--- Problem to work on ---
Working from the start of the listing, please write out exactly the lines through the one that holds "旅游行業(yè)是一個(gè", both included, and omit all pictures.

--- Given information ---
▬▬▬▬▬▬

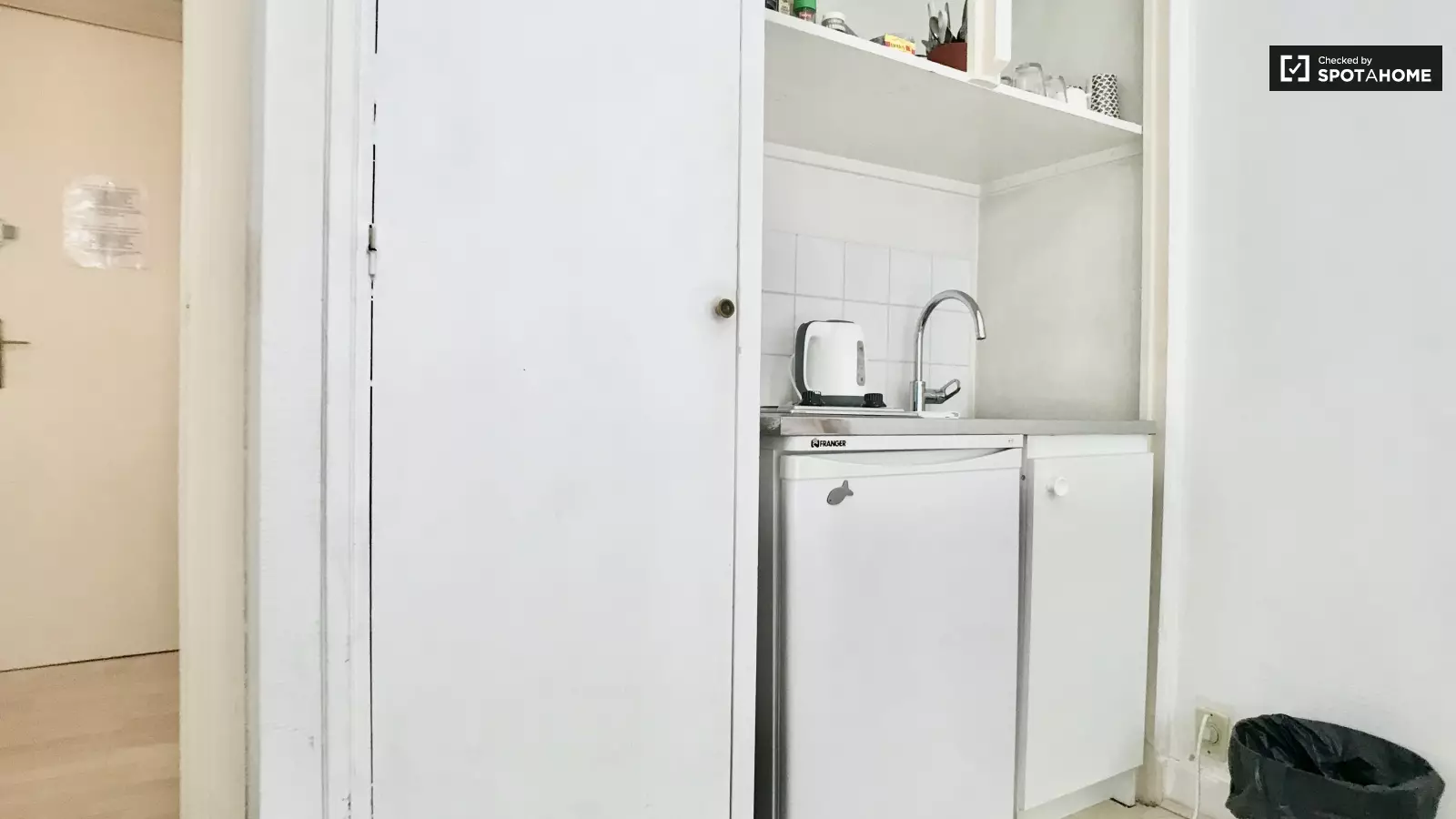You’re in a small studio with high ceilings and lots of sunlight. There’s a little kitchenette with a fridge and hotplate. There’s ample cupboard space to fill with your pots and dishes.
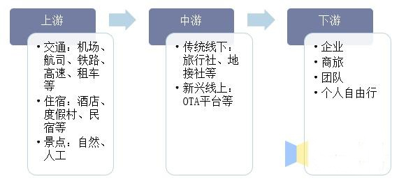 旅游行業(yè)是一個(gè)綜合性產(chǎn)業(yè),其產(chǎn)業(yè)要素包括食、住、行、游、購、娛、體等,產(chǎn)業(yè)鏈包括上游交通、住宿、景點(diǎn)等資源端,中游傳統(tǒng)線上、新興線上渠道端和下游多種旅游消費(fèi)者類型組成的消費(fèi)。
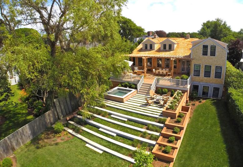 The front entry leads into a light filled two story great room, where the open floor plan of this home surrounds you with windows and the views beyond of the exceptional outdoor vistas. The great room with a dramatic cathedral ceiling is accentuated by the second floor catwalk, accessed via the staircase of custom polished stainless railings and balustrade. Slender paned glass French doors lead into the home office. Powder room. Off the great room is a charming Bedroom with en suite bathroom featuring double sinks, a walk in shower, flush mounted (no threshold) and linear drain. Open to the great room, is the stunning kitchen, with designer cabinetry, artistic wall tiling, top of the line appliances, Cirrus flush mounted range hood and "phantom pantry". A covered porch "family entrance", off the driveway, with a foot wash, brings you into a hallway with a laundry /mud room, and access into the kitchen. An exceptionally comfortable secondary open family room, sports a wall of windows overlooking the beautiful yard, is complete with Interior Spark Modern Fireplace, a built in flat screen television and access to the outdoor areas. The expansive rear deck, with stately pergola, exemplifies the art of fine outdoor dining and living areas at their very best; a grill with direct hook-up to main propane tank. Traverse the mahogany steps down to a built in gunite hot tub with remote control or to the granite terrace with Paloform gas fire pit. Stately, solid granite steps lead down to the lawn area, with integrated outdoor shower, lovely shrubbery, and perennial gardens. The property abuts the the Lily Pond and enjoys unobstructed views.
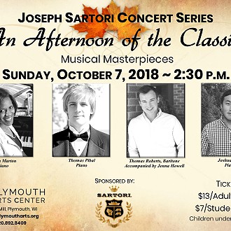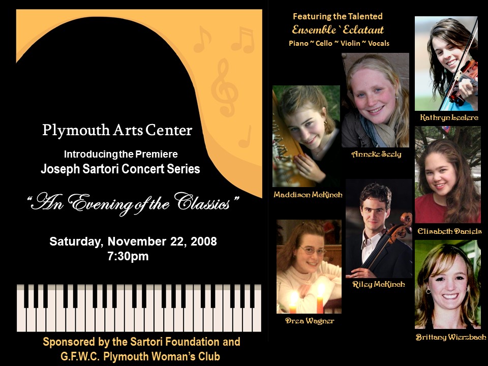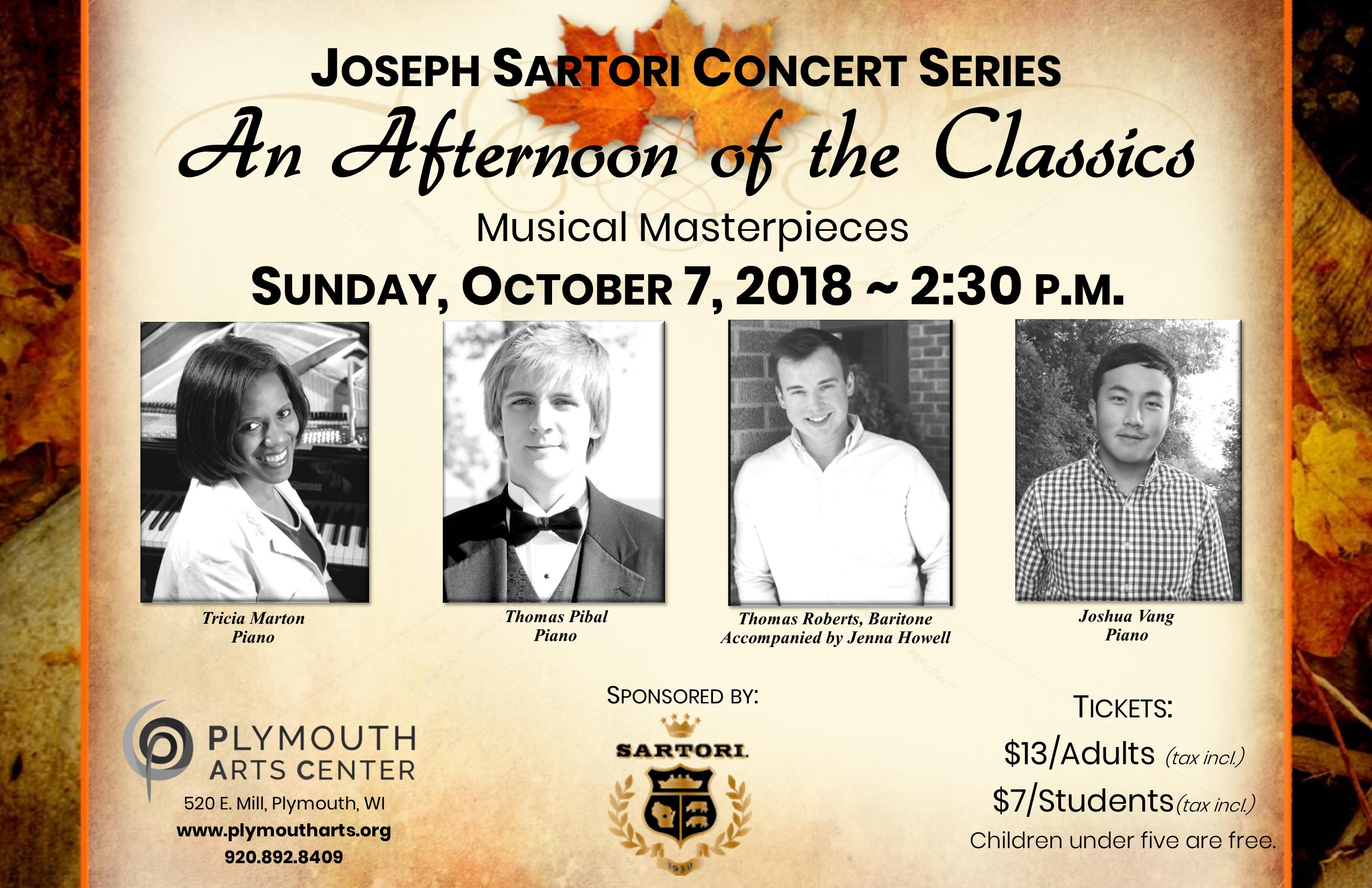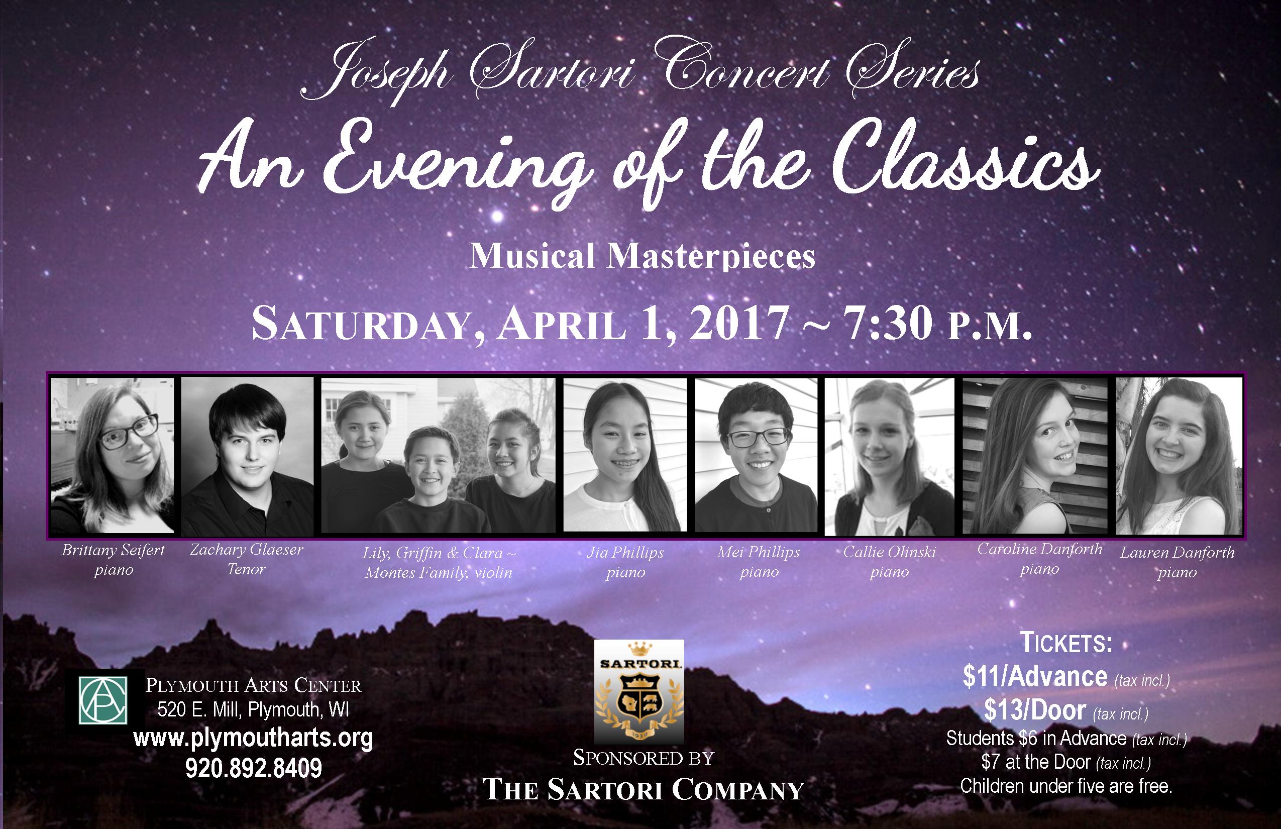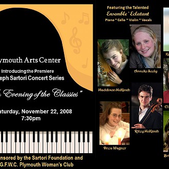 This concert series is a tribute to the late Joseph Sartori in honor of his musical talent and in appreciation of the Sartori Family’s generous contribution to the Plymouth Arts Center. The PAC thanks the Sartori Family for sharing these comments about their father and the concert…….. “Our dad, Joseph Sartori, while known primarily for his work with S & R Cheese/Sartori Foods, for most of his life, was also known as a highly accomplished pianist. Joseph’s aunt, Ada Lombardi, an acclaimed concert pianist with the Philadelphia Philharmonic Orchestra, taught Joseph the piano, and especially “The Classics.” While he did not pursue a musical career, as his aunt thought he should, he did continue to play, practically daily, for the rest of his life. The Steinway grand piano used for “An Evening of the Classics” is the one our dad bought in the early 1960s. He played many of the same pieces performed for this concert for his own enjoyment, as well as that of his family and friends. The Sartori Steinway piano is on loan to the Plymouth Arts Center to allow others to play it, and for all of us to continue to enjoy the music that our father loved so dearly. Many pianists who have played “Papa Joe’s” Steinway speak highly of its sound and feel privileged to have the opportunity to play such a wonderful instrument. Our dad will be listening to the concert, and the Sartori family is proud to be a part of “An Evening of The Classics.”

▬▬▬▬▬▬

--- Answer below ---
You’re in a small studio with high ceilings and lots of sunlight. There’s a little kitchenette with a fridge and hotplate. There’s ample cupboard space to fill with your pots and dishes.
 旅游行業(yè)是一個(gè)綜合性產(chǎn)業(yè),其產(chǎn)業(yè)要素包括食、住、行、游、購、娛、體等,產(chǎn)業(yè)鏈包括上游交通、住宿、景點(diǎn)等資源端,中游傳統(tǒng)線上、新興線上渠道端和下游多種旅游消費(fèi)者類型組成的消費(fèi)。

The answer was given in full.